***** Exercise material
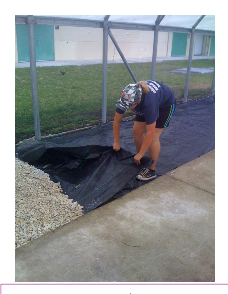
Laying out the tarp.
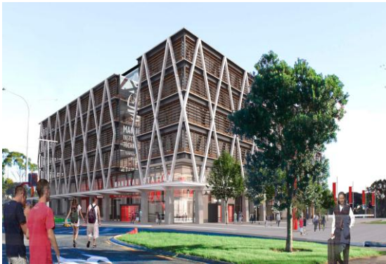
Stage 3 Artists Impression of Integrated Interchange / Campus Building
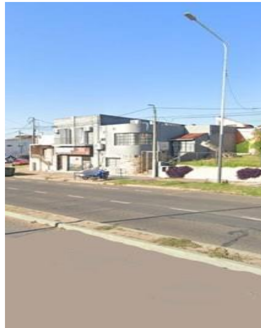
Fig 8. Shops nearby UTN.

Figure 8 shows the different shops which are near UTN FRP. For example, there are well-known shops like Cetrogar, which is on the corner of Almagro Avenue and Garrigó Street, as well as Musimundo, which is on the corner of Almagro Avenue and Rondeau Street. There is a Día supermarket near these shops. Also, there is also a car dealer and a hotel, located on Almagro Avenue near UTN.
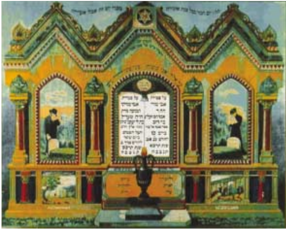
Left Yahrzeit Plaque (memorial plaque), Germany, c. 1910
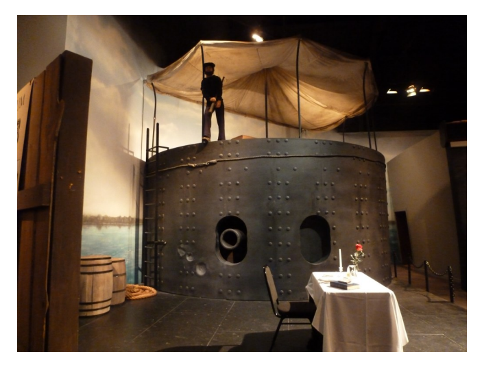
In the shadow of a replica of a revolving gun turret in the Civil War Navel Museum we held our farewell banquet and paid honor to those who are MIA as well as KIA.
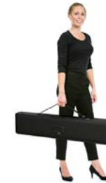
Carry Bag Included
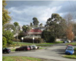
Intersection of Symons St and Crowley Road, Green Street, looking south- west. 28 Symons St (significant ) is prominently sited at centre of image.
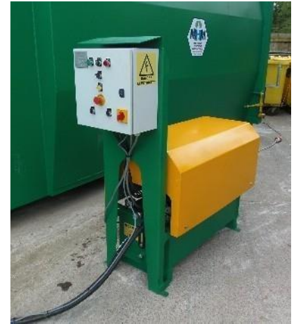
Pictured Above: The stand-alone powerpack and control panel.
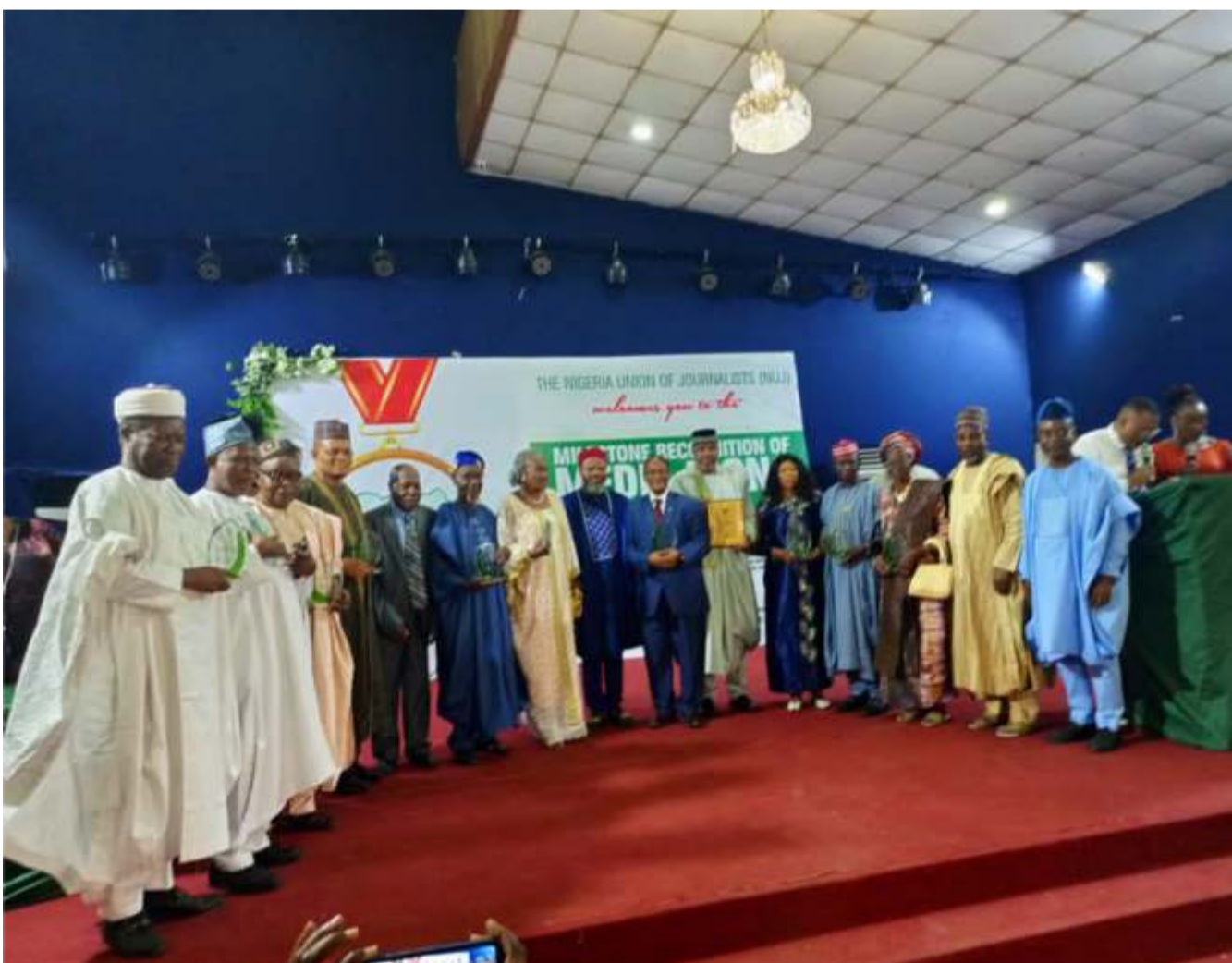
Award Recipients of NUJ Milestone Recognition of Media Icons
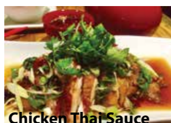
Chicken Thai Sauce
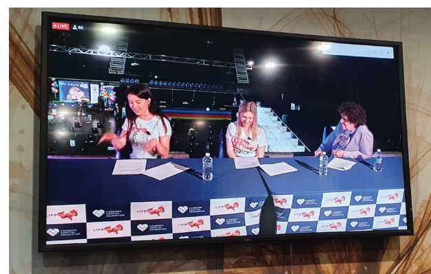
Livestream of the judging desk.
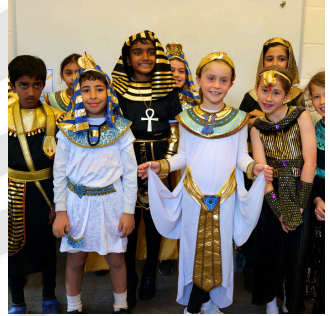
Y3 Egyptian Day
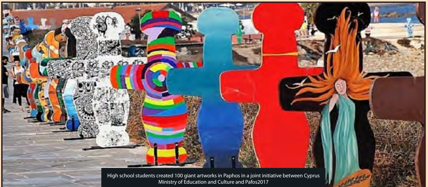
High school students created 100 giant artworks in Paphos in a joint initiative between Cyprus Ministry of Education and Culture and Pafos2017
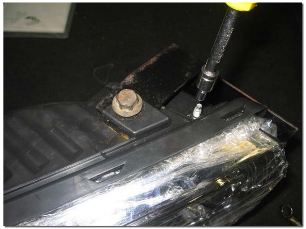
Here is the adjuster screw to align them, which you access in the front hood opening.
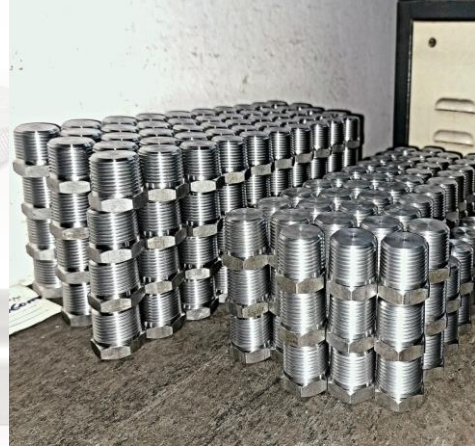
Hex Drain Plugs
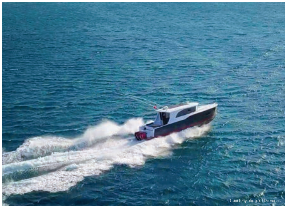
Courtesy photo of Dromeas
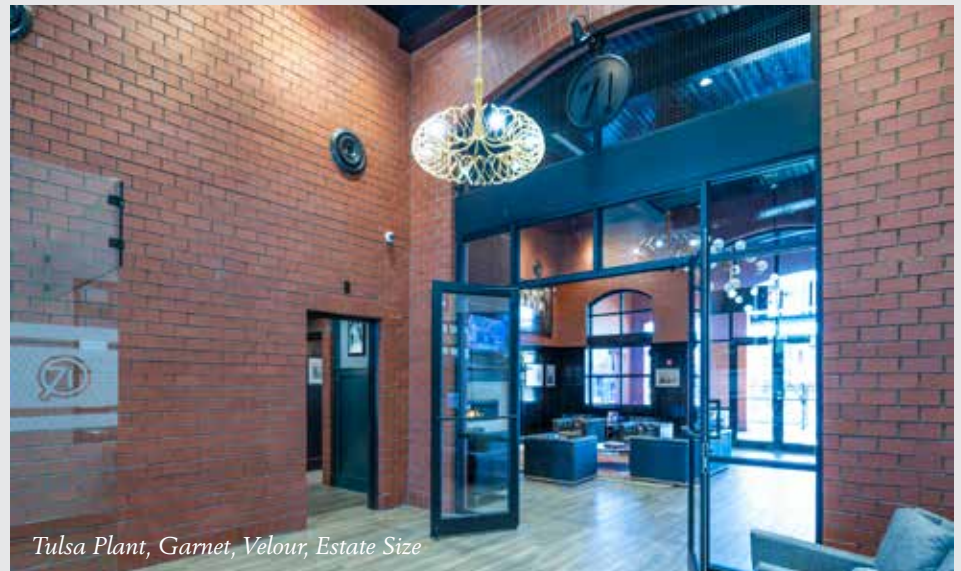
Tulsa Plant, Garnet, Velour, Estate Size
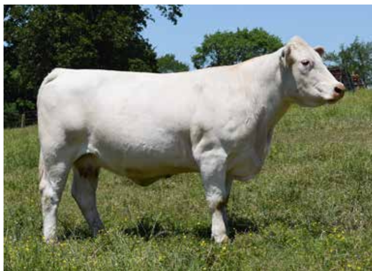
JDJ MS ZENELIN B883 P SELLS AS LOT 46
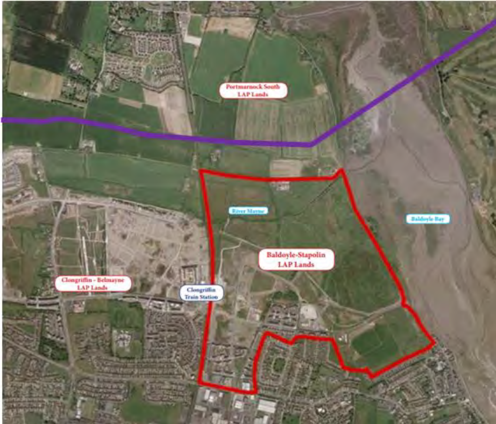
Figure A6.4 Baldoye-Stapolin Local Area Plan (LAP), 2013
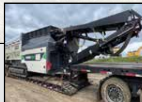
2025 Terex Ecotec Phoenix 2100T Screen Aggregate

S/N: TRX2100THCMR14035, 7 Hrs., CAT C4.4 Tier 4 Final (173HP), 11.11 Cubic Yard Hopper, Rear/Side Extension, 47" Feed Conveyor, 3 Ply, Variable Speed Control, 47.2" Collection Conveyor, 3 Ply
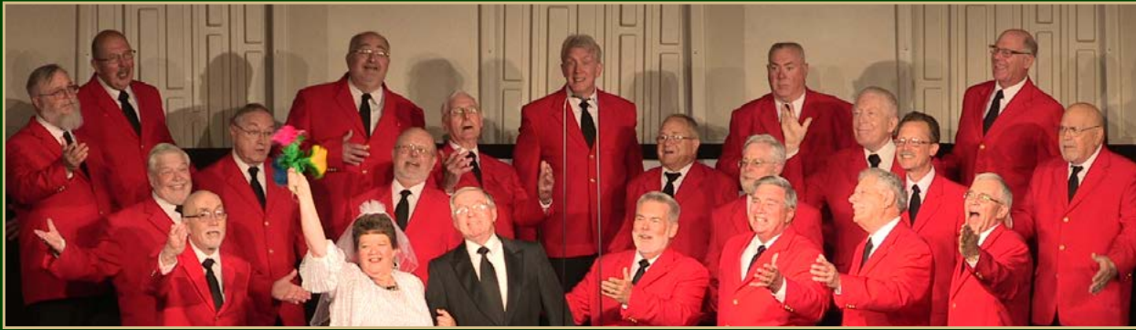
LANCASTER RED ROSE CHORUS
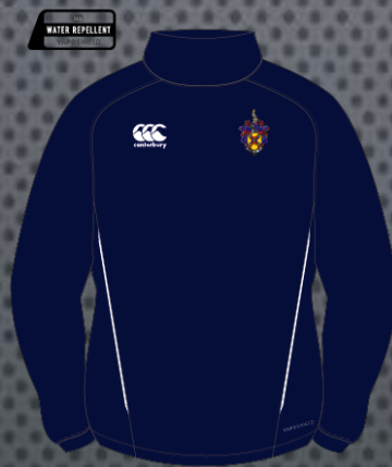
Team Contact Top Snr £32.00 Jnr £28.50
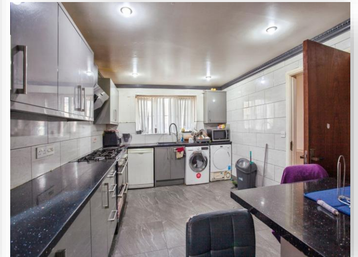
Nabeel Court, Broom ROTHERHAM S60 2PL
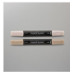
Crumb Cake Stampin' Blends Combo Pack - 154882
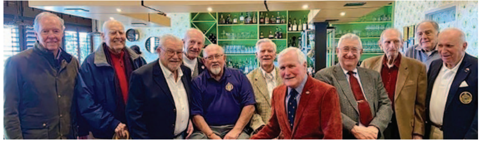
'60: Tidewater Valentines group
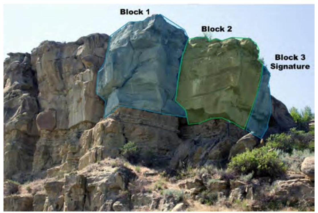
References to Block Names 1,2,3 at Pompeys Pillar
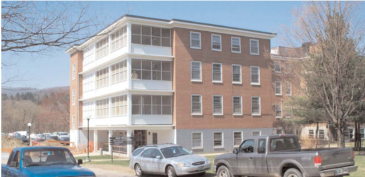
Dale Correctional Facility in Waterbury.
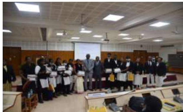
Certificates were distributed to all the participants.
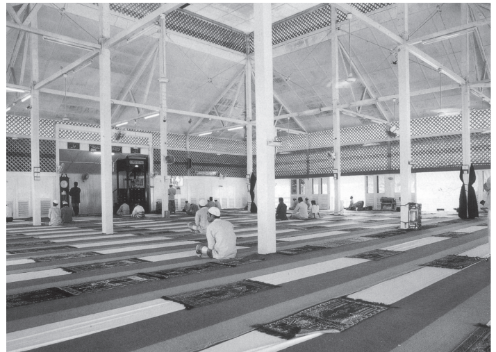
As it is built by local builders, its construction is similar to that of a kampong house; except bigger.
**********
> _Work request_
The expected answer is an exact copy of the lines from the one containing "LANCASTER RED ROSE CHORUS" through the last line of the entries above, both included, without pictures.

> _Output of the exercise_
LANCASTER RED ROSE CHORUS
Team Contact Top Snr £32.00 Jnr £28.50
Nabeel Court, Broom ROTHERHAM S60 2PL
Crumb Cake Stampin' Blends Combo Pack - 154882
'60: Tidewater Valentines group
References to Block Names 1,2,3 at Pompeys Pillar
Dale Correctional Facility in Waterbury.
Certificates were distributed to all the participants.
As it is built by local builders, its construction is similar to that of a kampong house; except bigger.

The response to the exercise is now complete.